Folha de S.Paulo

País experiment­a pior momento da história recente

País, marcado por guerra civil e disputas regionais, vive o pior momento em sua história recente

- Igor Gielow

são paulo A violenta explosão que devastou a área portuária de Beirute, de natureza ainda incerta, ocorre em uma hora dramática para o país árabe.

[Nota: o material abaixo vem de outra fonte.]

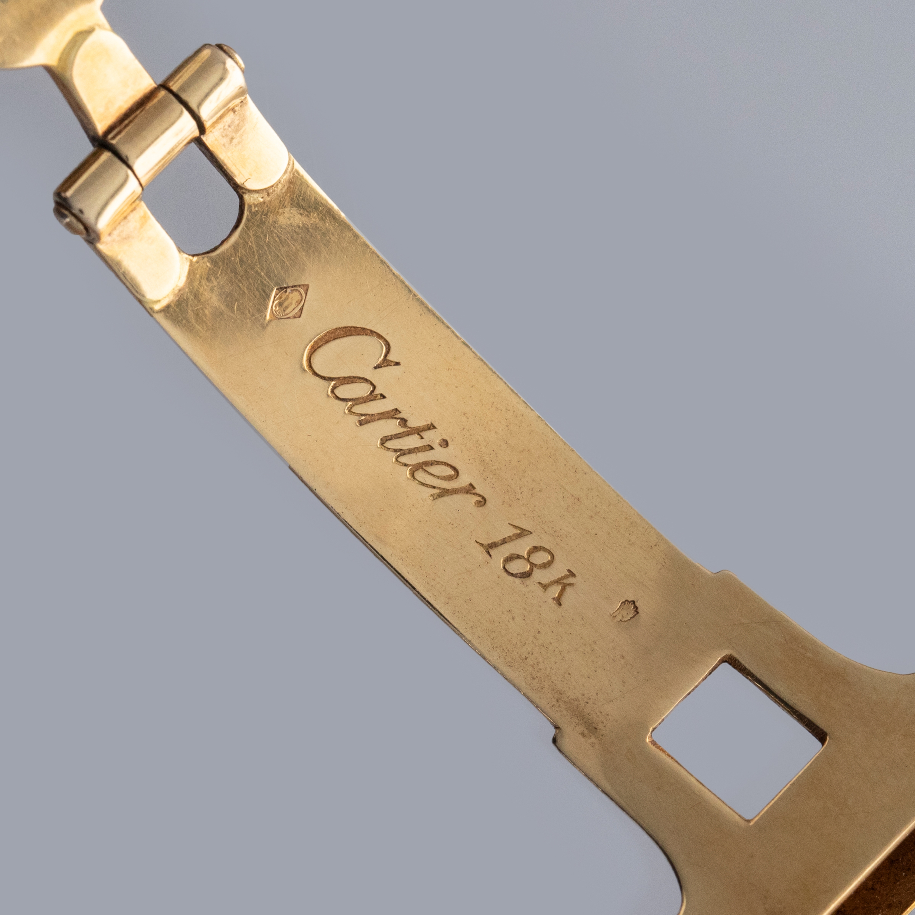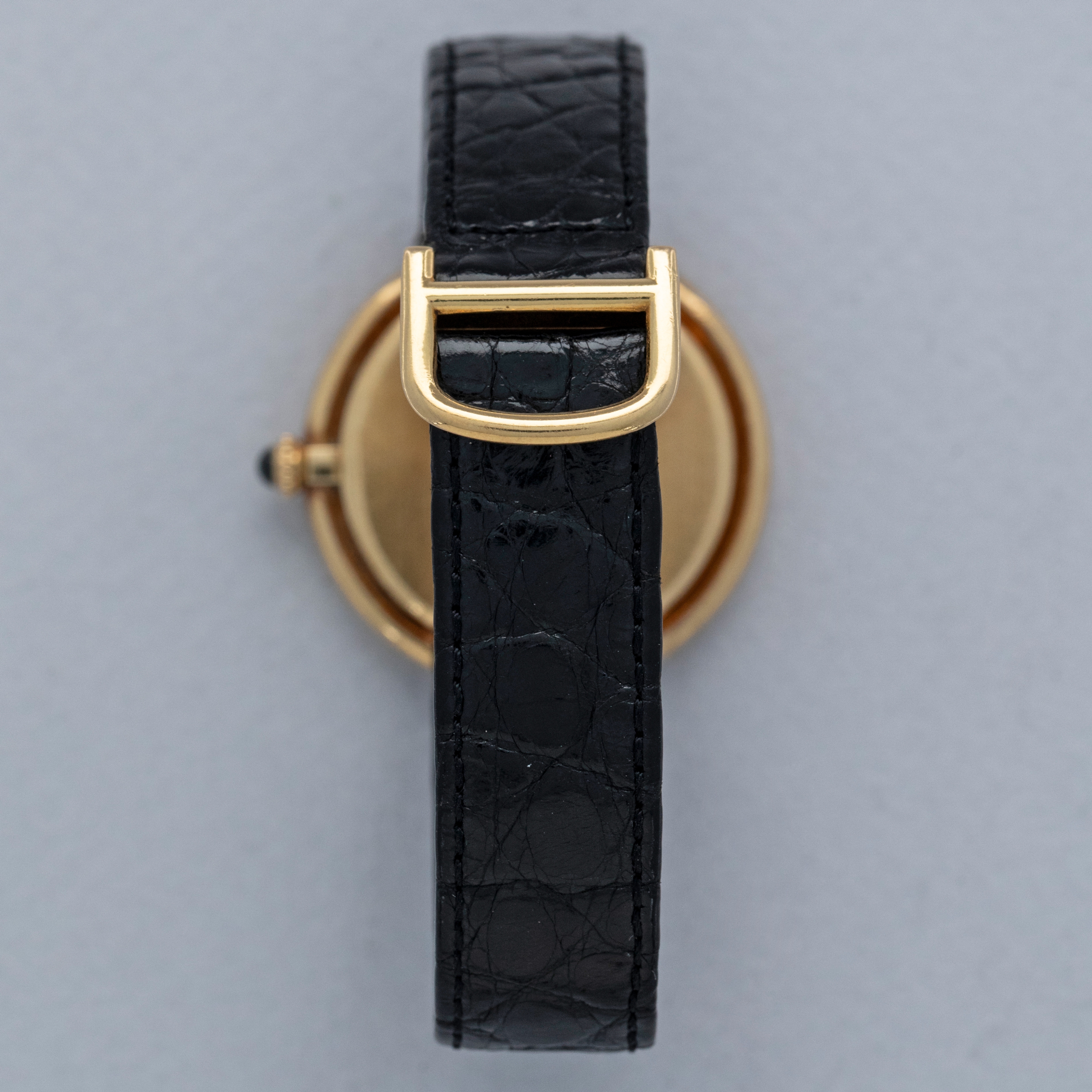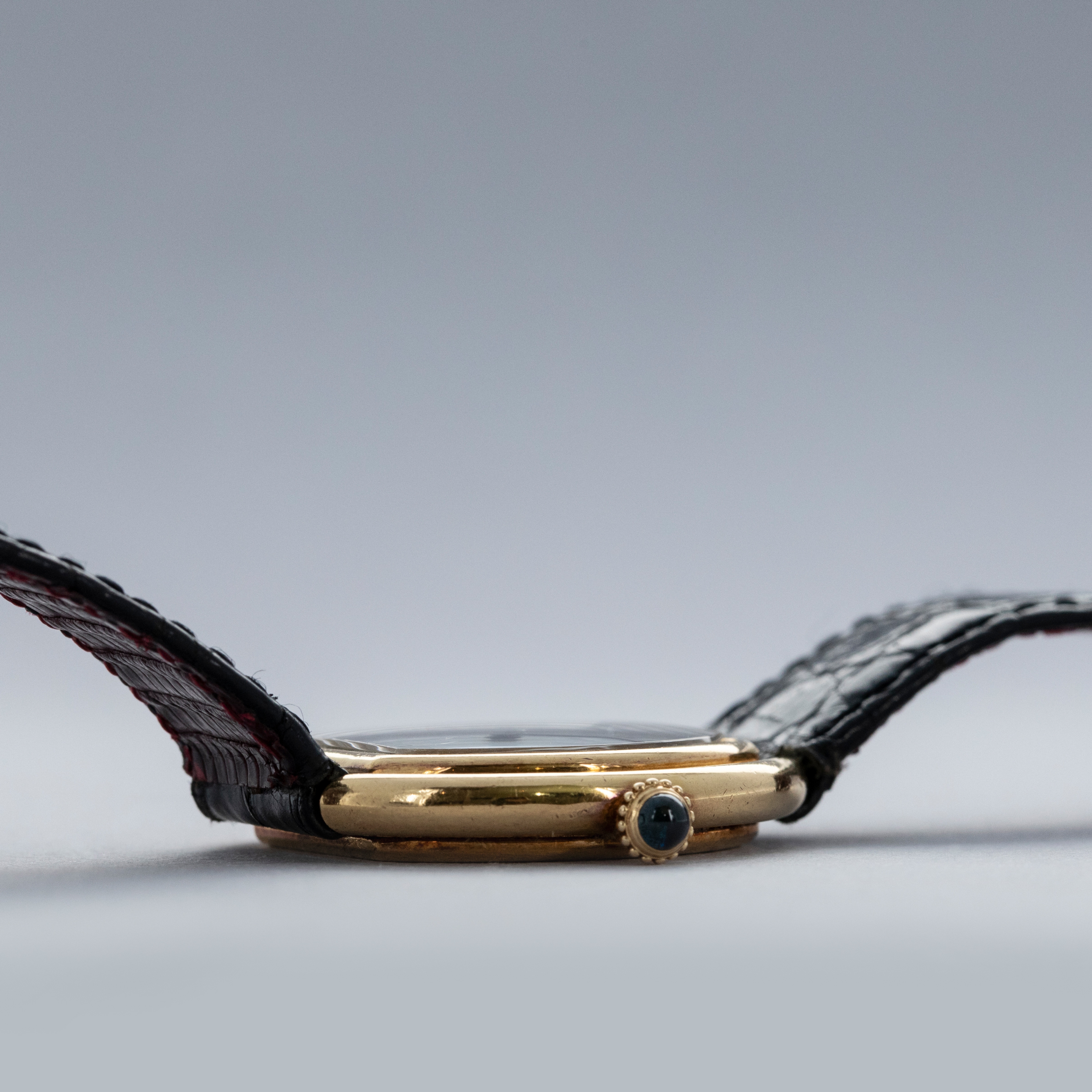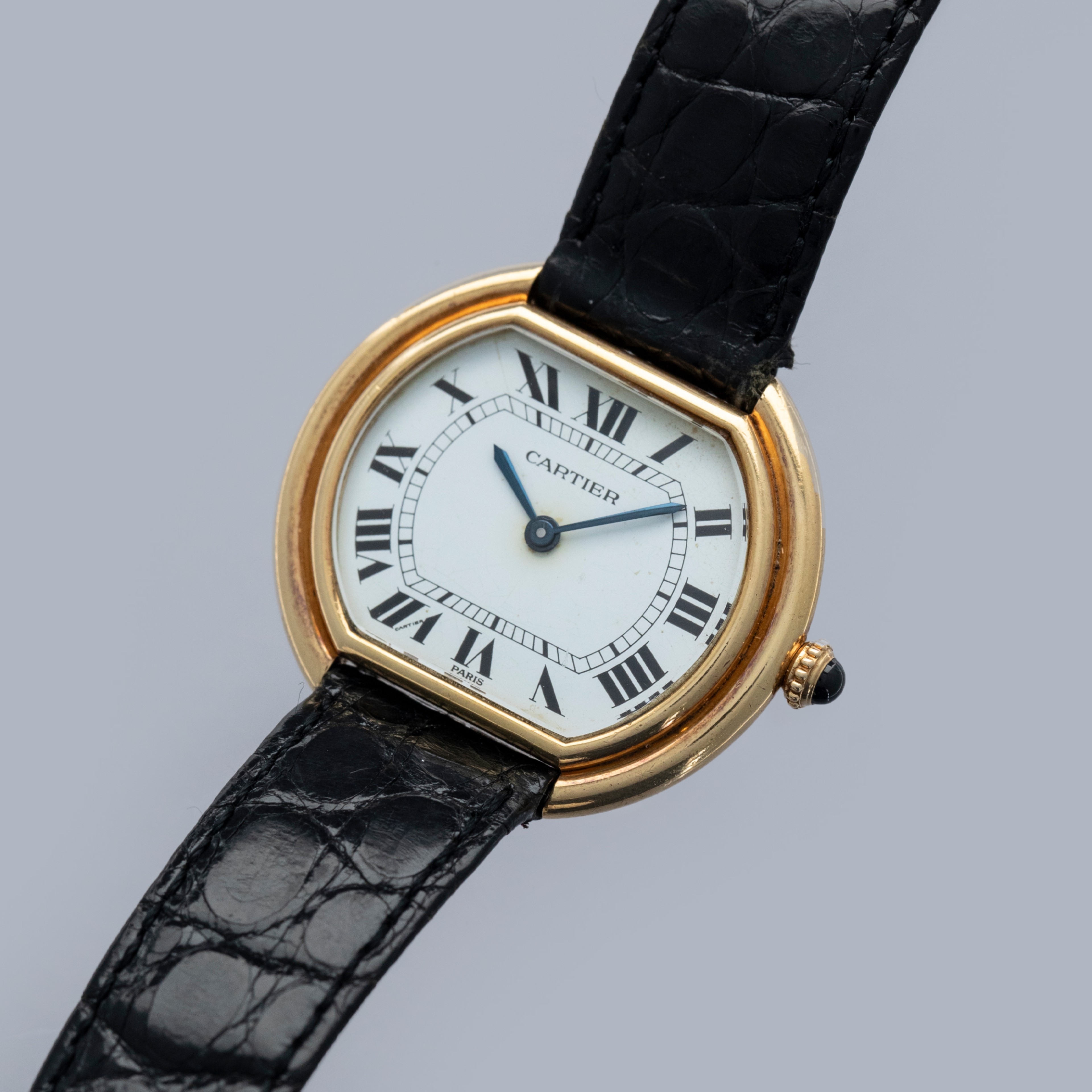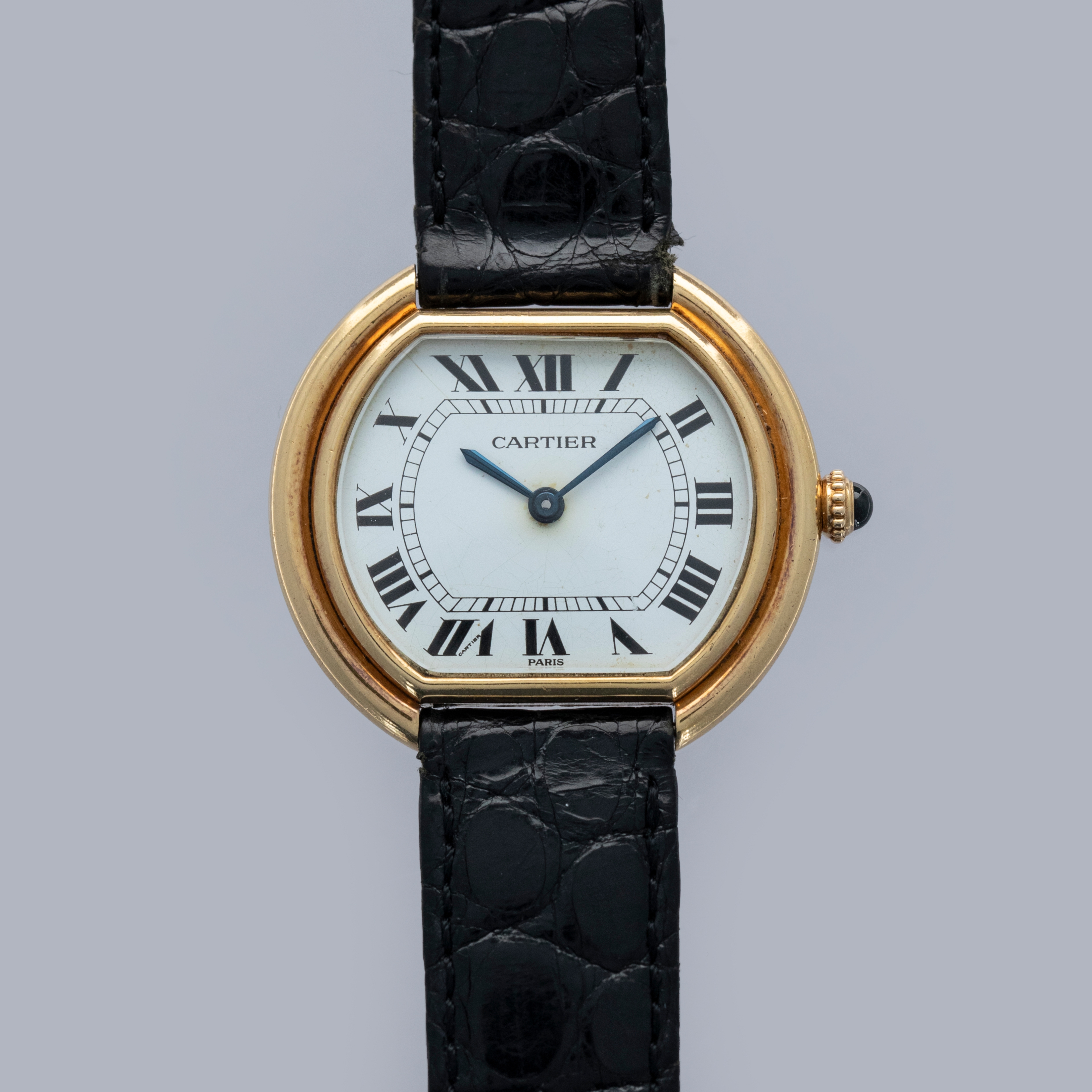The yellow gold case is in very good condition, with some surface scratches. The case back features well-defined engravings and hallmarks, with some nicks around the edge. The white Paris-signed dial with Roman numerals shows discoloration around the center, with marks and crazing across the surface. A more noticeable crack is present near eleven o’clock. The watch is fitted with a black leather strap and the original yellow gold Cartier deployant clasp.

Pior: evoca para os moradores da capital as piores lembranças do evento formativo da geração no poder, a guerra civil de 1975, que durou 15 anos e deixou a cidade em ruínas.

A coluna de fumaça enorme lembrou a mais famosa de toda aquela guerra, quando em outubro de 1983 duas explosões arrasaram quartéis de americanos e de franceses: 307 pessoas morreram, 241 delas fuzileiros navais americanos, um dos maiores golpes já sofridos pelos EUA.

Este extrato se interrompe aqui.